Back outside Amazon HQ, the picket was a raucous affair, with chants of “shame on Amazon”, vuvuzelas and a soundsystem blaring out music. Security guards locked the office doors, holding up white-collar Amazon workers as they returned from their lunch breaks.

The strike is numerically small, but Elia believes it is significant.

Elia said: “These are representatives of arguably the most important sections of the workforce that need to get organised. They are leading by example, albeit on a scale which needs to be significantly increased for it to start to bite.

“If the movement wants to talk about renewal and a revival, it’s going to have to be led by the private sector. It’s not possible to talk about union renewal mainly coming from the public sector, because they only represent [just under] 20% of the country’s workers.”

“If the union movement wants to be talking about transforming the economy, workers at the bottom need to be leading the charge. Otherwise it’s this ‘rising tide lifts all boats’ thing, which is basically trickle down economics in reverse.”

While outsourcing continues, workers are facing contempt. Francisco told the crowd that Phosters’ response to the workers’ demand for a living wage has been to remind them that they get free coffee: “When they try and fool us with employee benefits, we are not fools,” he told the crowd. They say that we get free transport, that we get free coffee and that we get free sandwiches. We don’t. We don’t get any of that – my transport is paid for by my Oyster.”

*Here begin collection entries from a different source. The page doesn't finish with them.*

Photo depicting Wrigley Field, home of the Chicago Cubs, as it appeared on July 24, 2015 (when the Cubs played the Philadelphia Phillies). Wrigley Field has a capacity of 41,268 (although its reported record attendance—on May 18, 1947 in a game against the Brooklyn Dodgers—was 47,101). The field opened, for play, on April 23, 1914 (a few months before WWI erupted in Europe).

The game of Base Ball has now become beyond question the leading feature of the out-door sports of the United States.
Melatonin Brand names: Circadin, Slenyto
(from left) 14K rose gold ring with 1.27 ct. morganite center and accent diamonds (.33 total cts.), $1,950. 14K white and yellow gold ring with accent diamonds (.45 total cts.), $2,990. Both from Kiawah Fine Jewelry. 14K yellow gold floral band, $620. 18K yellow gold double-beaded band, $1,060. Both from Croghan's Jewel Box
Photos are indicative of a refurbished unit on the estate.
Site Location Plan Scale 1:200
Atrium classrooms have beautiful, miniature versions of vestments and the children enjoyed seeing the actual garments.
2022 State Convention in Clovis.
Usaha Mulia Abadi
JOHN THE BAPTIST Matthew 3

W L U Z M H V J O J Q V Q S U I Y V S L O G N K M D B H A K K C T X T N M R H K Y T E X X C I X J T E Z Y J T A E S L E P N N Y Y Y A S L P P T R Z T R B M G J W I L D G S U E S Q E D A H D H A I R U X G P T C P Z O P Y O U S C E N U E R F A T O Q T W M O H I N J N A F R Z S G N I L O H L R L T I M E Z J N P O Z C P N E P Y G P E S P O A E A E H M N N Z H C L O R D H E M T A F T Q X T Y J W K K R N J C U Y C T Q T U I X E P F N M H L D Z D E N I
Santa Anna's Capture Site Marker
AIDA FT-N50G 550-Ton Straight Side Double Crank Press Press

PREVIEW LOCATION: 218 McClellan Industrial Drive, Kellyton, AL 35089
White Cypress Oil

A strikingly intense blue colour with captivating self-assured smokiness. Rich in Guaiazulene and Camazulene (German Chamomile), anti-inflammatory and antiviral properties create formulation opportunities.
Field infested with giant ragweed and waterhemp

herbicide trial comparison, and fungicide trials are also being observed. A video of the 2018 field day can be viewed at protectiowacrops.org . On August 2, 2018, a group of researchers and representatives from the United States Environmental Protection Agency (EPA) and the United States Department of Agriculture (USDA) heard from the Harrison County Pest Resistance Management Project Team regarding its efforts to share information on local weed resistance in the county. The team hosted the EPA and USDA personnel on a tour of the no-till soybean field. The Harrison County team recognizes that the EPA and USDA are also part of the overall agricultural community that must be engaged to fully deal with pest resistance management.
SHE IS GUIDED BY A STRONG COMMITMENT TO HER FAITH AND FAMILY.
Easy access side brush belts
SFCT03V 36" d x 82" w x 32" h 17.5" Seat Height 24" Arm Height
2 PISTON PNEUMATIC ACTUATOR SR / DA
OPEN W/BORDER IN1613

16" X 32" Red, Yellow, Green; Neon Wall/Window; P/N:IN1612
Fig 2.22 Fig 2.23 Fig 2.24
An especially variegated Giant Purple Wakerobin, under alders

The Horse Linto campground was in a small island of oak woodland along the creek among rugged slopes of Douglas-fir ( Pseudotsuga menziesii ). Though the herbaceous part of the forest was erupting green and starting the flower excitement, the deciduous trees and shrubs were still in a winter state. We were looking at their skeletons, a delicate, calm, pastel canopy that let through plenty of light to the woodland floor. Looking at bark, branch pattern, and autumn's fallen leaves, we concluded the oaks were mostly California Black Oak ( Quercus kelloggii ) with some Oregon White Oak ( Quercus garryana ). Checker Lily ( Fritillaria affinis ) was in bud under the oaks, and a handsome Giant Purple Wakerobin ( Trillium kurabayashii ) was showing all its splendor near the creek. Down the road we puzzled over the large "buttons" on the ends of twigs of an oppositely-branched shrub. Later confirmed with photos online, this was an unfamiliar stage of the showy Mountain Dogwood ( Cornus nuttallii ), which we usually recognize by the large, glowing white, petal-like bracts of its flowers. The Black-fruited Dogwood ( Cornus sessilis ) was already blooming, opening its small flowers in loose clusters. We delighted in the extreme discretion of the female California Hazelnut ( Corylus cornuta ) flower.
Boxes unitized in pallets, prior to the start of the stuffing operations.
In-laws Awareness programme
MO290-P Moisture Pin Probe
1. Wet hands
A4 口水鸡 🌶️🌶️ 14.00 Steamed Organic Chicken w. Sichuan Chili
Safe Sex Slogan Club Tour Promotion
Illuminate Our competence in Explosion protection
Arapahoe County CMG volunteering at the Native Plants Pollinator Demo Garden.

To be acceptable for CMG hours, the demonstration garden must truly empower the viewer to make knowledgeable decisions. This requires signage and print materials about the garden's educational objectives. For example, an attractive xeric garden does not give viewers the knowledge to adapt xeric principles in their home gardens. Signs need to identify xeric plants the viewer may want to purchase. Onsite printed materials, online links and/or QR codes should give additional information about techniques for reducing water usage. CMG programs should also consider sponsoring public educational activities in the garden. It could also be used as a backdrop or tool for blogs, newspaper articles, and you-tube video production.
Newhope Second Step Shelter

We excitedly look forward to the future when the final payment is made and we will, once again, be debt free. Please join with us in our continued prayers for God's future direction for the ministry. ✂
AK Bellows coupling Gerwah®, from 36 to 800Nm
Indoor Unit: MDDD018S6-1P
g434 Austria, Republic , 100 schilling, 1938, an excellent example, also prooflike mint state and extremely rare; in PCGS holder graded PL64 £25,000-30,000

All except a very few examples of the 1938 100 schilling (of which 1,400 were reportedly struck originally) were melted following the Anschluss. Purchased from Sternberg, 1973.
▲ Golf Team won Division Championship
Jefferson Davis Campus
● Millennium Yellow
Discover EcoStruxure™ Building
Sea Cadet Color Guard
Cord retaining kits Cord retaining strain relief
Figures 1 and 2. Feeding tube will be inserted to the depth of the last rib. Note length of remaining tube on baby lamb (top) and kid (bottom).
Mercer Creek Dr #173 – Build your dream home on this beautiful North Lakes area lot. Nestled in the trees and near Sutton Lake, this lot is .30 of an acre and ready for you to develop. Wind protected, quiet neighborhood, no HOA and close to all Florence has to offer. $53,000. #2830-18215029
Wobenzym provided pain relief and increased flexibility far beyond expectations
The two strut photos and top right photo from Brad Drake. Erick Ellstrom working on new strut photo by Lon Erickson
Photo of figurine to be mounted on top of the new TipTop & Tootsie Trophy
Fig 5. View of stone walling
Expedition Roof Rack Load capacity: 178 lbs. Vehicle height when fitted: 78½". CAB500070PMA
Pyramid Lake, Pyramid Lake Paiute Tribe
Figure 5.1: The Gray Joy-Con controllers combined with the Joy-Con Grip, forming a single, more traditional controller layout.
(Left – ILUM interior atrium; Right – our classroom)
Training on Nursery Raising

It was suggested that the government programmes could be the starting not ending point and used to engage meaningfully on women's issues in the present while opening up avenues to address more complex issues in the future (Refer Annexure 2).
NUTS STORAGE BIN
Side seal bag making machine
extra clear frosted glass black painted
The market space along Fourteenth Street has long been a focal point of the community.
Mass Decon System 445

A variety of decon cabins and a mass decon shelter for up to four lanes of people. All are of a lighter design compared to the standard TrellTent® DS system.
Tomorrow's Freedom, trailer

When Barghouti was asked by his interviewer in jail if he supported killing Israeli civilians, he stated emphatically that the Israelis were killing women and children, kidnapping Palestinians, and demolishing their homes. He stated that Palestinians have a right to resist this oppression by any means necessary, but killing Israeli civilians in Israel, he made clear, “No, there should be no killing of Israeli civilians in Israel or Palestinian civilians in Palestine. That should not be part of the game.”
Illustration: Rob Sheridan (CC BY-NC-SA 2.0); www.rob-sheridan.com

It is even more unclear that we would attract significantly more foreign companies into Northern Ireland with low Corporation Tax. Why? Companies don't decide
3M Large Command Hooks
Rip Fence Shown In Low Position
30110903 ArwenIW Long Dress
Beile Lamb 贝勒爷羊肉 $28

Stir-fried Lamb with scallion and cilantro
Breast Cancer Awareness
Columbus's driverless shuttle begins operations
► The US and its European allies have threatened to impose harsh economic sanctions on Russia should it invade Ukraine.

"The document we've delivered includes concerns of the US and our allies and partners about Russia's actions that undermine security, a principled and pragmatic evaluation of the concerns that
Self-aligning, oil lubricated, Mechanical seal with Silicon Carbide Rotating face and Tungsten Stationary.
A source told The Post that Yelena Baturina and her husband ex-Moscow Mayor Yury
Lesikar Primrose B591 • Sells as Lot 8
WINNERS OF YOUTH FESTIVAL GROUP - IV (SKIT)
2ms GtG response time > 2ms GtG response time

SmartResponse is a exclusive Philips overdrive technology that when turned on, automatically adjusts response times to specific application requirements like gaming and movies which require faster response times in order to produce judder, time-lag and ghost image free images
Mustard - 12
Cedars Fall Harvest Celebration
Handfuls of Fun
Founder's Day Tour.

Despite this, there are signs of hope. Cleaners at a Mercedes Benz showroom in Colindale, north London, ran by Synter Group, which in turn contracted SBFM Limited to provide cleaning services, were due to join the strike, but won a 25% pay increase on the eve of the strike announcement.

Workers at the Sage nursing home in north London struck in 2021 and won a living wage. Now they are striking again for improved pay and conditions. Speaking at the rally, Bile Ahouzan, one of the Sage care workers, said: “Because we are care workers, because we clean the dirt, they don’t see us, they don’t see you, they don’t see me. When they see us they see nobody.

“So with UVW, we are going to fight them, we are going to teach them that a human being deserves respect, a good salary, good sick pay and good annual leave, too… It is almost impossible, until it is done.”

Simon Childs is a commissioning editor and reporter for Novara Media.